これと同等のことはbq_perform_query_dry_run()
関数で実現できる。引数としてはquery
とbilling
が最低限必要で、query
にはクエリ文字列、billing
には課金が有効なプロジェクトIDを指定する。
dplyr
とdbplyr
を使って生成したクエリを文字列にするにはsql_render()
を使えば良い。
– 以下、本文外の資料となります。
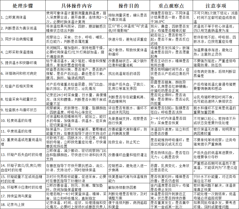 判断建议:当测得体温低于37.5℃(正常为38-39.5℃),应先复测。复测前清理直肠粪便,插入足够深度,使用校准过的体温计,并在母猪相对安静、站立或躺卧平稳时测量。两次测量结果一致才可确认。

つまり、例えば次のようにすれば処理されるデータサイズが表示される。
tbl(con, "dataset_name.table_name") %>% sql_render() %>% bq_perform_query_dry_run("billing_project_name")
なお、プロジェクト名やデータセット名を省略するとsql_render()
で生成されるクエリにはこれらが含まれなくなる。したがってこの方法でデータ処理量を推定する場合はテーブル指定の記述を省略してはならず、BigQueryが解釈できるように記述しておく必要がある。
Connections paneに表示する
ODBCを使う方法でもbigrquery
パッケージを使う方法でもRStudioのConnectionsペインでテーブルの内容を確認することができない。これを可能にするパッケージとしてconnections
がある。
ただ、現在はCRANから削除されておりGitHubからインストールする必要がある。
使用方法はDBI::dbConnect()
をconnections::connection_open()
に置き換えるだけ。
その他
explain()
は使えない。grepl()
の翻訳結果で第一引数がフィールド、第二引数がパターンとなりgrepl(x, pattern)
のように記述する必要があった。- データ処理量が小さいクエリを発行しても
Billed: 10.49 MB
と表示される。- どうもデータクエリの最小値らしい?
- (2022/02/06追記) 処理されたバイト数と課金されるバイト数は異なり、課金されるバイト数の最小値は10MBのためこのような表示になっている模様。10.49MB≒10MiB。